There was a man who got drunk at a wedding. He mistook the bride's veil for a tablecloth and tried to pull it off the table (the bride's head) to clean up some imaginary mess. His face when he realized what he was doing was priceless.
There was a man at a bar who got drunk and thought the bar stool was a horse. He was trying to ride it around the bar area, shouting 'giddy up' and all. It was quite a sight. The bartender just watched in amusement. This went on for a while until he finally passed out on the 'horse'.
A friend once got drunk and tried to climb into a doghouse, thinking it was his own bed. He curled up in there and started snoring. His dog just sat outside looking very confused.
There was a girl who got drunk during a girls' night out. She was convinced that she could speak fluent French all of a sudden. So she started babbling in what she thought was French, but it was just a bunch of made - up words. Her friends couldn't stop laughing as she continued to carry on a 'conversation' with a bewildered French tourist.
A friend once told me about a drunk person who thought a lamppost was a dance partner. They were twirling around it and trying to do ballroom dance moves. It was quite a sight. People were just standing there watching and cracking up.
There was a girl who got drunk and texted her best friend asking if they could go swimming in the bathtub. She then sent pictures of her filling up the bathtub with all her clothes on. Her friend was cracking up and told her to get out of the bathroom before she flooded it. It was a really silly situation.
In a bar, there was a drunk guy who was convinced he could speak fluent French after a few drinks. He started babbling what he thought was French to a French tourist at the bar. The tourist just looked at him with a bemused expression and then joined in the laughter when he realized the guy was just making up gibberish that sounded vaguely French - ish.

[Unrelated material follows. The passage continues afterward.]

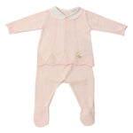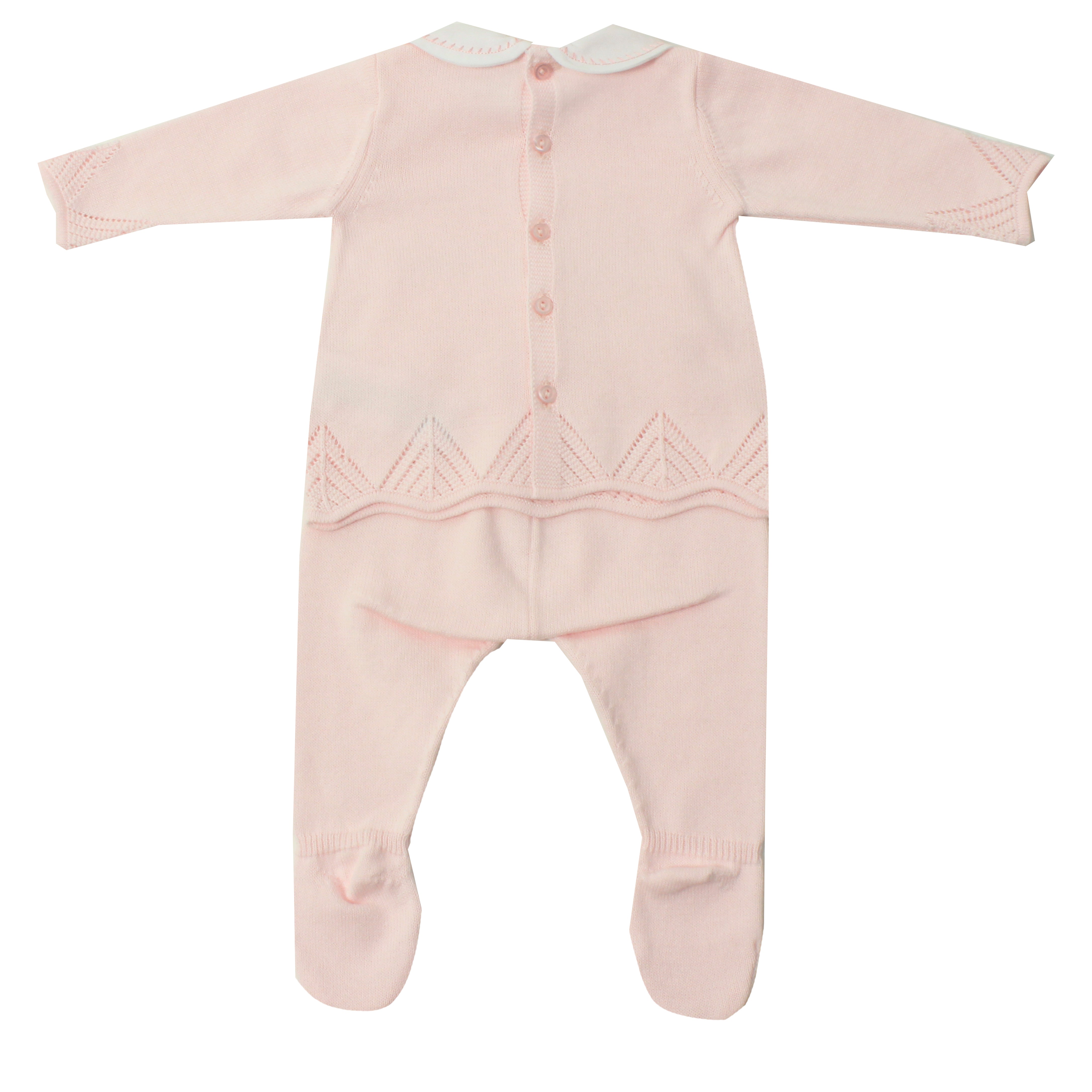 Questa tutina spezzata è realizzata in morbido filo di cotone e presenta una deliziosa lavorazione traforata. Ideale per l'uscita dalla clinica, grazie al suo collo ricamato, garantirà comfort e protezione alla tua neonata.

A drunk man thought he could fly. He climbed onto a bench and jumped off, only to land flat on his face. Luckily, he wasn't seriously hurt and just lay there laughing at himself.

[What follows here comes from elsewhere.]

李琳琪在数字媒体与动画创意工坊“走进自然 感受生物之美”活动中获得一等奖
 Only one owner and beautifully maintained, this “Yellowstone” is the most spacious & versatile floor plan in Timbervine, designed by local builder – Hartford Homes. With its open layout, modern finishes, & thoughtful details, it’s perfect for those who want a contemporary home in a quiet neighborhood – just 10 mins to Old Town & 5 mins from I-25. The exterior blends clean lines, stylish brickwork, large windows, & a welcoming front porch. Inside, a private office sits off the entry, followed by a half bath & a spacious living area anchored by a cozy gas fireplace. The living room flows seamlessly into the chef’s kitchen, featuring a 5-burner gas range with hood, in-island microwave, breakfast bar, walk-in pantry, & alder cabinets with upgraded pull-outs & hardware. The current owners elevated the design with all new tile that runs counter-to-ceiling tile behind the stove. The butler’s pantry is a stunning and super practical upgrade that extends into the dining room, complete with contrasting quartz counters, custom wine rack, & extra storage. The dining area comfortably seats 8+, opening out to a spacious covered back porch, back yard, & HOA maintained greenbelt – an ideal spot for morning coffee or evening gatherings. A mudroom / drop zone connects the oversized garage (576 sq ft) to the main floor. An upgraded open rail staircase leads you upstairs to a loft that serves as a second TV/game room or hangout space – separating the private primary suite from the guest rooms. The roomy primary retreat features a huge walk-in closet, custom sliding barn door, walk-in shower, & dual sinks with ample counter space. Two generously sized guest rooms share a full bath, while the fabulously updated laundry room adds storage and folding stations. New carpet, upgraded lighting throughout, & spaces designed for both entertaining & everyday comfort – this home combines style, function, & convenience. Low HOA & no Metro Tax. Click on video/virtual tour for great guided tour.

Sure. There's a story about a drunk man who mistook a lamppost for his girlfriend. He hugged it tightly and started whispering sweet nothings to it. When his friends tried to pull him away, he got angry and said they were trying to break up his relationship. It was quite a sight.
I heard about a wife who got drunk and tried to climb a tree in her backyard, thinking she was a cat. She got halfway up and then realized she didn't know how to get down. Her husband had to rescue her while she meowed all the way.
I heard about a guy at a buffet. He piled his plate so high with food that some of it was falling off. When the waitress told him there were rules about taking too much, he said he had a big appetite. But then he couldn't finish it all and just left it on his plate. It was really a funny display of selfishness.